*** INPUT DATA Section Begins ***

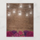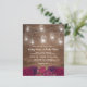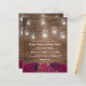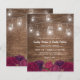 Cartes d'invitation de mariage rustiques et champêtres à petit budget avec un fond en bois, fleurs de marsala rouge burgundy, pots Mason avec guirlandes lumineuses et un modèle de mariage élégant et modifiable.
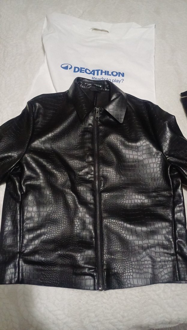 Siyah yılan deseniyle kaplı, fermuarlı ve kesik yakalı, fitted kesim deri biker ceket. Midi boyda, sokak stiline uygun. Marka: Decathlon.
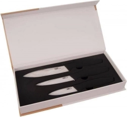 Ez az univerzális készlet egy kis, közepes és nagy kést tartalmaz a precíz szeleteléshez, daraboláshoz és hámozáshoz. A teljes kerámia penge sima vágást biztosít, az ételek kevésbé tapadnak rá, és jobban megőrzik vitamin- és tápanyagtartalmukat. A ergonomikus markolatoknak köszönhetően, amelyek minőségi fekete műanyagból készültek, a kések kényelmesen kézben tarthatók és nem csúsznak.
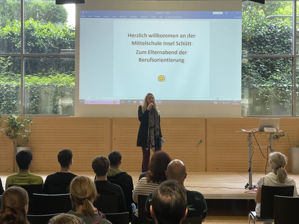 Unter Moderation von Schulleiterin Frau Gutowski konnten die Eltern unserer Lernenden die wichtigsten Beraterinnen im Bereich Berufsorientierung kennenlernen. So stellten sich Beratungslehrerin Frau Koch-Reinisch, Frau Eckert-Mell von der Berufsberatung, Frau Regelein und Frau Eisenbarth von SCHLAU, Frau Gräfe von BerEB und Frau Röck von der Berufsschule vor.
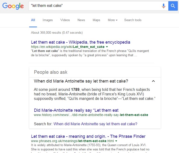 Misalkan jika kamu ingin mencari kalimat let them eat the cake, maka kamu harus mengetikkan “let them eat the cake” pada kolom pencarian Google. Dengan cara ini, hasil pencarian yang kamu dapat akan spesifik pada frasa let them eat the cake.
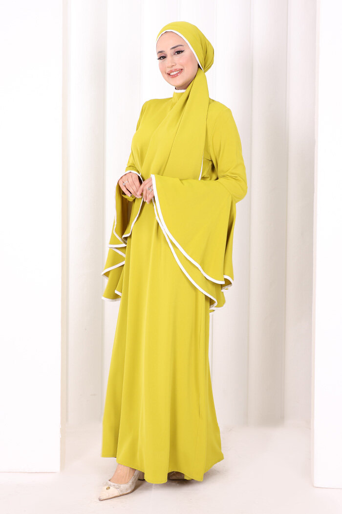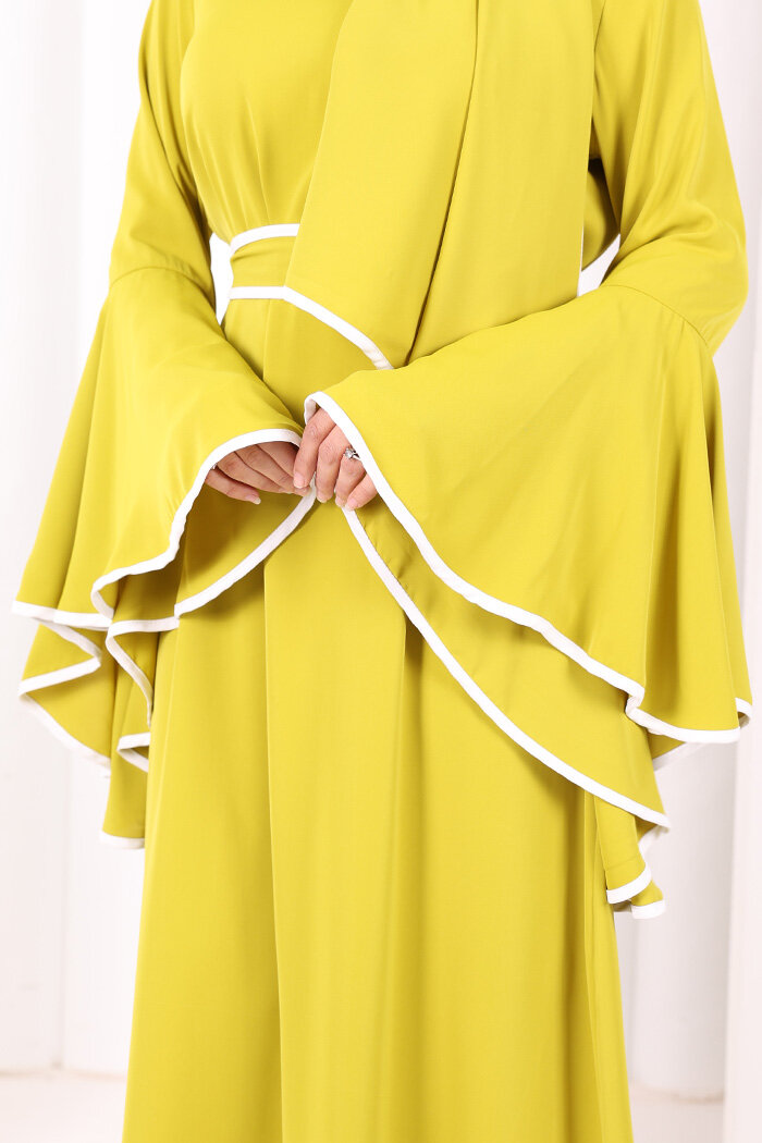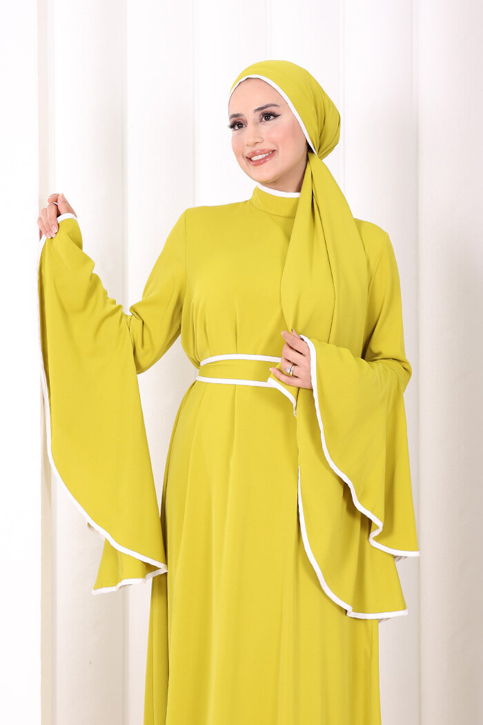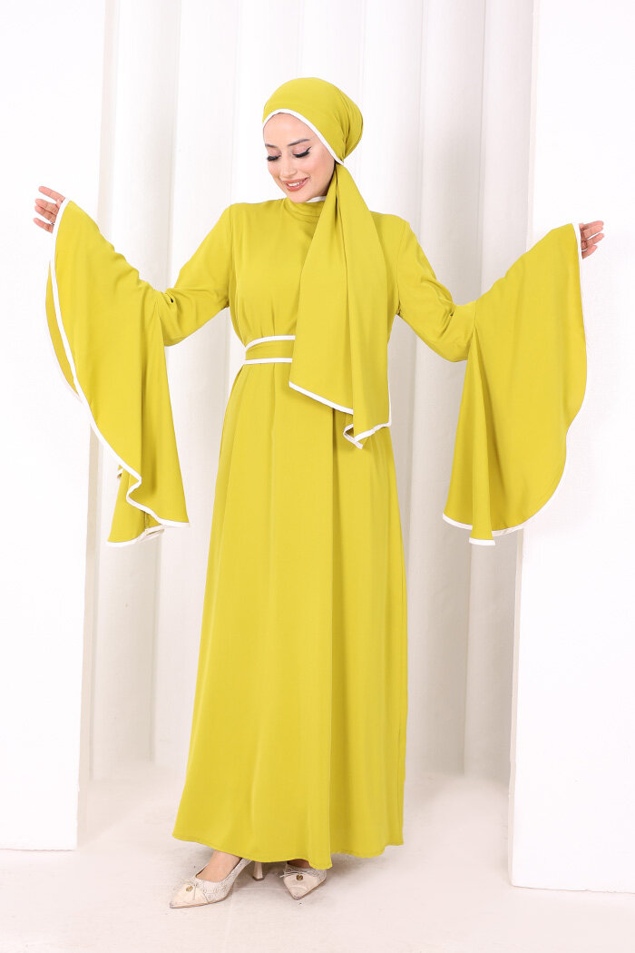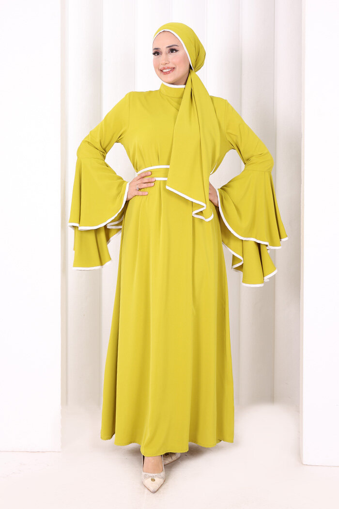 Kol Fırfır Şerit Detaylı Şallı Elbise 6084 Yağ Yeşili

*** INPUT DATA Section Ends ***

▸ ASSIGNMENT
Restate word for word only the lines from the one with "Siyah yılan deseniyle" through the last line of the material, both included. Any picture should be left out.

▸ ANSWER AREA
 Siyah yılan deseniyle kaplı, fermuarlı ve kesik yakalı, fitted kesim deri biker ceket. Midi boyda, sokak stiline uygun. Marka: Decathlon.
 Ez az univerzális készlet egy kis, közepes és nagy kést tartalmaz a precíz szeleteléshez, daraboláshoz és hámozáshoz. A teljes kerámia penge sima vágást biztosít, az ételek kevésbé tapadnak rá, és jobban megőrzik vitamin- és tápanyagtartalmukat. A ergonomikus markolatoknak köszönhetően, amelyek minőségi fekete műanyagból készültek, a kések kényelmesen kézben tarthatók és nem csúsznak.
 Unter Moderation von Schulleiterin Frau Gutowski konnten die Eltern unserer Lernenden die wichtigsten Beraterinnen im Bereich Berufsorientierung kennenlernen. So stellten sich Beratungslehrerin Frau Koch-Reinisch, Frau Eckert-Mell von der Berufsberatung, Frau Regelein und Frau Eisenbarth von SCHLAU, Frau Gräfe von BerEB und Frau Röck von der Berufsschule vor.
 Misalkan jika kamu ingin mencari kalimat let them eat the cake, maka kamu harus mengetikkan “let them eat the cake” pada kolom pencarian Google. Dengan cara ini, hasil pencarian yang kamu dapat akan spesifik pada frasa let them eat the cake.
 Kol Fırfır Şerit Detaylı Şallı Elbise 6084 Yağ Yeşili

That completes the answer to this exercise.